# This file includes a demonstration of how to use the method "svl" to identify the source
# vent location of tephra fall deposits based on thickness or maximum clast size
# measurements.
# Author: Qingyuan Yang, Marcus Bursik, and E. Bruce Pitman.
# GPL: License. Use at your own risk.
###
# The work was supported by National Science Foundation Hazard SEES grant number 1521855
# to G. Valentine, M. Bursik, E.B. Pitman and A.K. Patra, and National Science Foundation
# DMS grant number 1621853 to A.K. Patra, M. Bursik, and E.B. Pitman.
# We appreciate your comments, suggestions, and feedback.

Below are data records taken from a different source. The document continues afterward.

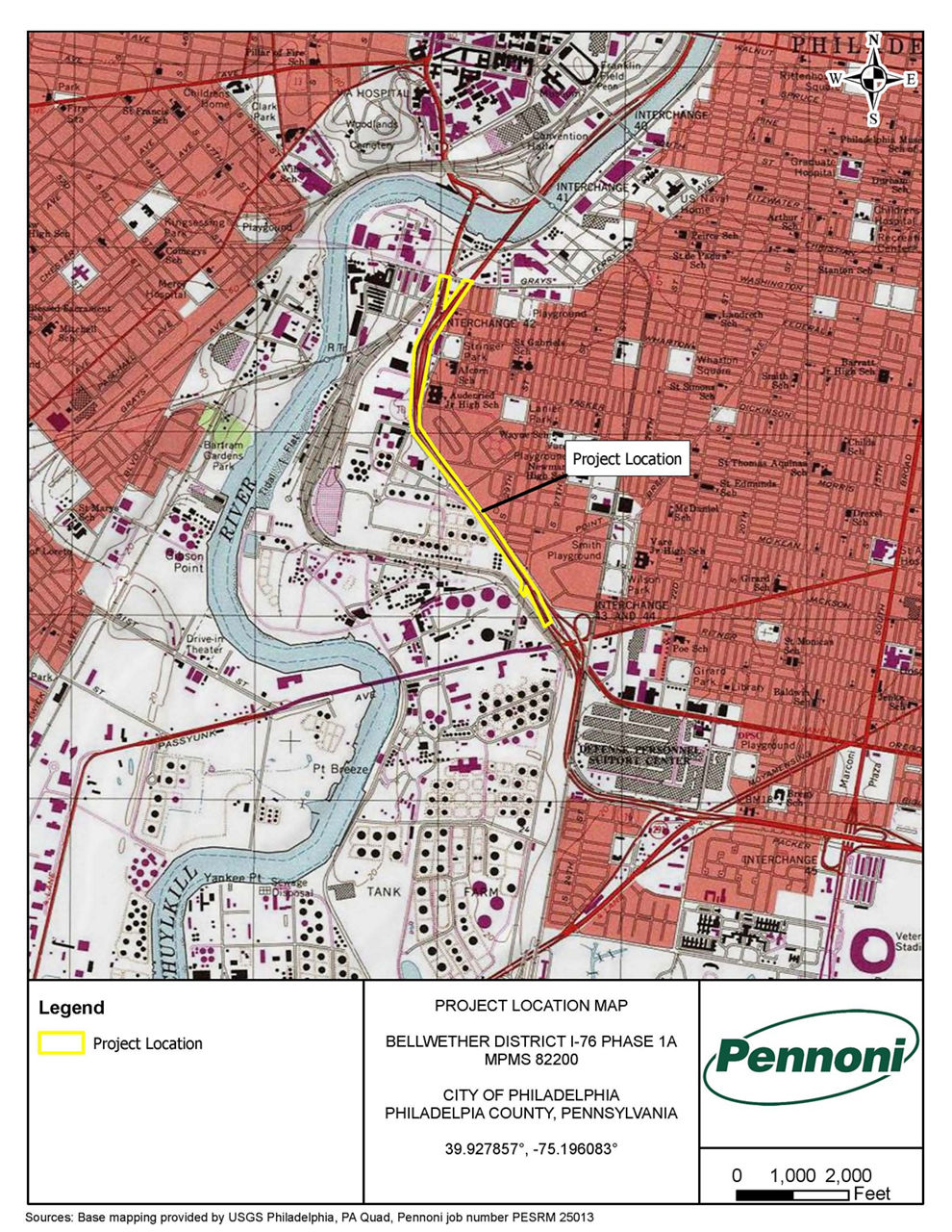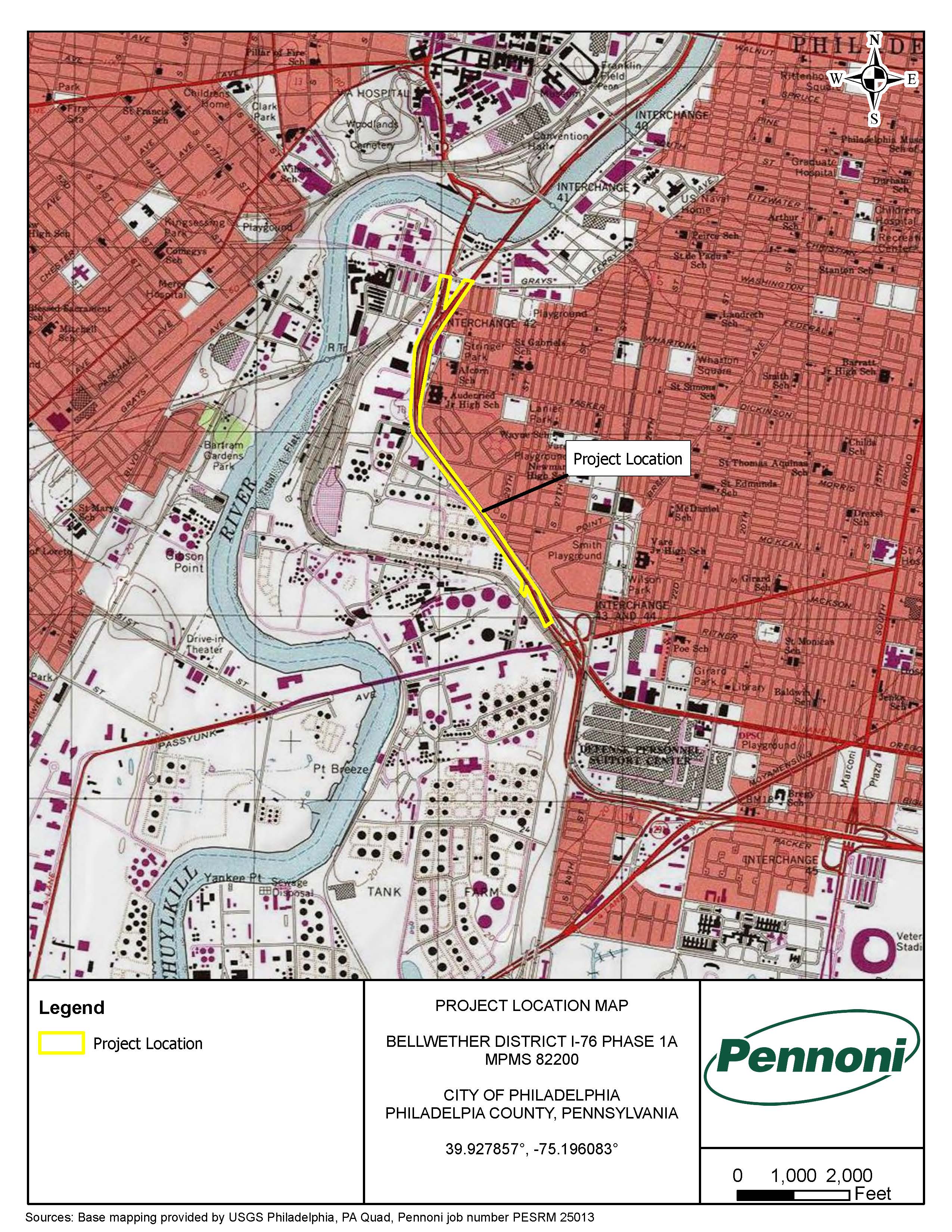 This project is one of three proposed projects supporting future development of the Bellwether District, which is a private development. MPMS 82200 (PennDOT Bellwether Phase 1A) is the roadway project involving interchange improvements between the 34th Street On-Ramp and the 28th Street Off-Ramp along Eastbound I-76 in the City of Philadelphia, Philadelphia County.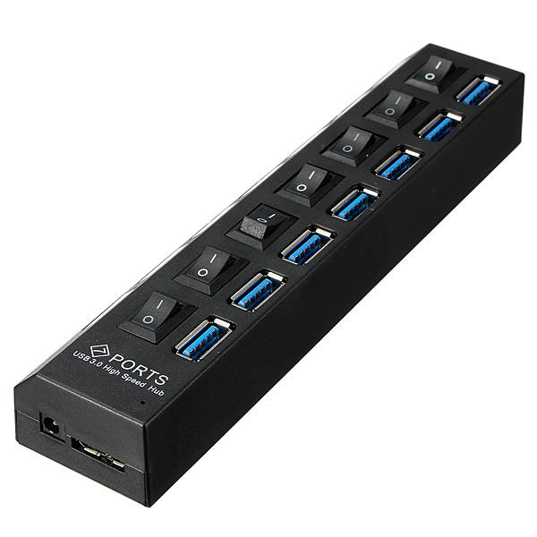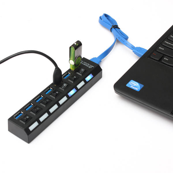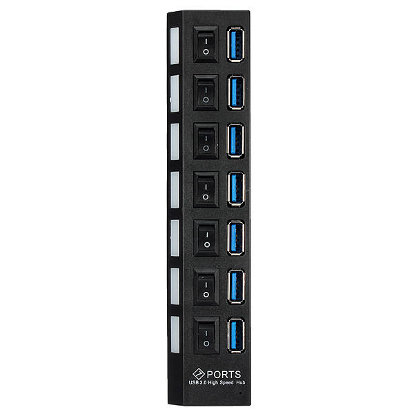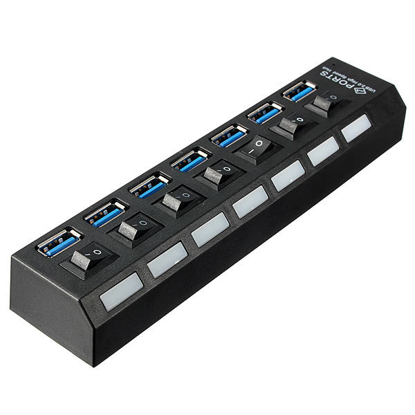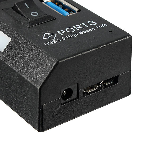 High Speed 7 Ports USB 3.0 External HUB Adapter Suit for Win 7/8 This high-speed USB 3.0 adapter with 7 ports allowing for connection of up to 7 external USB devices for accessing or charging. It does not require any software, drivers, or complicated installation process Features : Plug and play, not need any driver Portable and convenient. Compact USB 3.0 adapter with 7 ports. Backward compatible with USB 2.0/1.1 Built-in LED indicator Ideal if you need extra port to connect additional USB devices, it support multiple devices, including scanners, printers, digital cameras, camcorders, speakers, mice, keyboards, external drives, MP3 players and more! Specifications : Color : Black Dimensions : 16.5 x 3.5 x 2cm(L x W x H) System requirements : Windows XP/Vista/7/8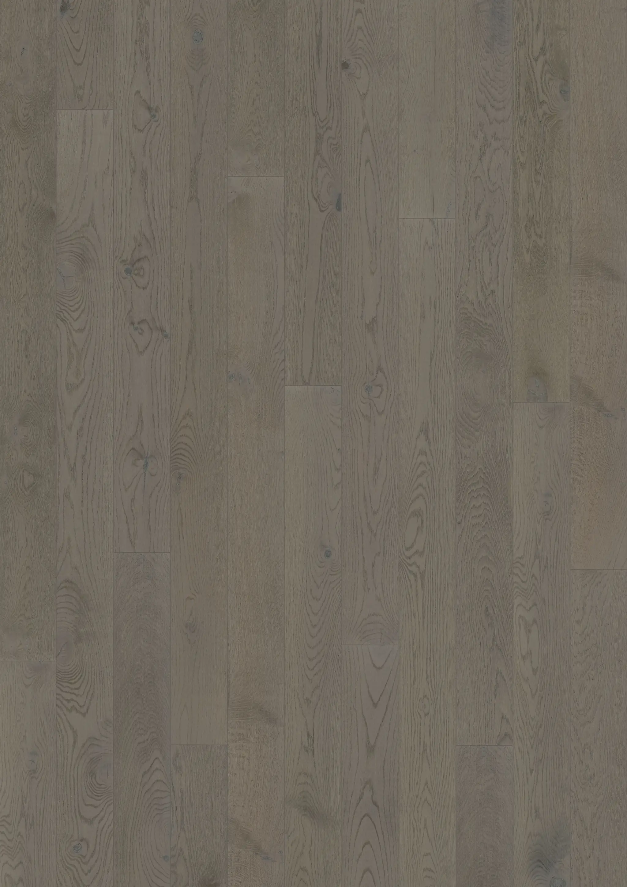 The smoky brown nuances of this single-strip oak floor from the Canvas Collection range from light to dark, and are stippled with a striking variety of knots for a rustic expression. Each board is carefully brushed to bring out the character of the grain and highlight the natural texture of the wood. The matt lacquer finish eliminates glare while protecting the wood from daily wear. Four-sided bevelling at the edges ensures a classic full plank look and feel.

# Please feel free to contact us through vhub or email: qyang5@buffalo.edu
########################################## Demonstration ################################
# In this demonstration, we use a thickness dataset of the North Mono Bed 2
# (Sieh and Bursik, 1986) as an example. North Mono Bed 2 was erupted from Upper Dome, which is a
# part of the Mono-Inyo Craters (eastern central California).
# It is noted that the method can also be applied to maximum clast size measurements.
# Set working directory.
setwd("/the/directory/where/you/put/your/data/")
#---
# The input dataset should have three columns:
# The first two columns are the coordinates (x or E and y or N) of sample sites in the UTM system.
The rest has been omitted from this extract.